Scientific classification
- Kingdom: Animalia
- Phylum: Chordata
- Class: Actinopterygii
- Order: Perciformes
- Family: Percidae
- Genus: Percina
- Species: P. aurolineata
- Binomial name: Percina aurolineata Suttkus & Ramsey, 1967

= Goldline darter =

- Authority: Suttkus & Ramsey, 1967
- Conservation status: VU

Species of fish

The goldline darter (Percina aurolineata) is a small species of freshwater ray-finned fish, a darter from the subfamily Etheostomatinae, part of the family Percidae, which also contains the perches, ruffes and pikeperches. It is found in the United States, primarily in the Cahaba River in central Alabama and the Coosa River in Georgia and Alabama. It is a small fish seldom exceeding 3 in in length. It is typically found in areas with moderate to swift currents and a water depth of over 2 ft, in the main channels of free-flowing rivers with a rock, cobble or boulder base and aquatic plants.
It has been federally listed as a threatened species since April 22, 1992, and the International Union for Conservation of Nature has classified its conservation status as being "vulnerable".

==Description==
The fish is between 1.6 and 2.9 in long with brownish red and amber dorsolateral stripes. Unlike other members of the Hadropterus subgenus, its back is a pale to dusky color. It has a white belly on which a series of square lateral and dorsal blotches can be seen. These blotches are separated by a pale or gold-colored stripe.

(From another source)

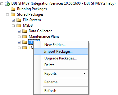 The last step is to transfer all SSIS packages, using import, to the new reference instance. Start by running the follwing SQL statement SELECT * FROM [msdb].[dbo].[sysssispackages] on the instance TOTO in order to check all SSIS Packages registered. Then import all of them one by one through each folder and sub-folder.

==Distribution and habitat==
This fish is endemic to the Cahaba River system in central Alabama and the Coosa River system in Georgia and Alabama. There are two disjunct populations of goldline darters in the Alabama River Basin in addition to the population in the Mobile Basin. One of these groups occurs in the middle Cahaba River system, while the other is found in the Coosawattee River system, which is a tributary of the Coosa River.

This species prefers to live in areas with moderate to swift current and a water depth of over 2 ft in the main channels of free-flowing rivers. These areas where it is most common have a bottom of bedrock, cobble, or small boulders and contain patches of water willow or other river weed. As in other Hadropterus subgenus members, the goldline darter spawns beginning in March and continues spawning through May or June.

==Status==
The goldline darter is threatened due to water quality degradation on the Cahaba River. Strip mining activities, urbanization, and sewage pollution have exterminated populations. The building of reservoirs has also led to the fragmentation and isolation of some populations of goldline darters. Attempts to raise the population of the goldline darter will focus on habitat preservation and water quality improvement. The main decrease in population density is in the Little Cahaba River population. The International Union for Conservation of Nature has classified its conservation status as being "vulnerable" because of the relatively small population of this fish and the ongoing habitat degradation.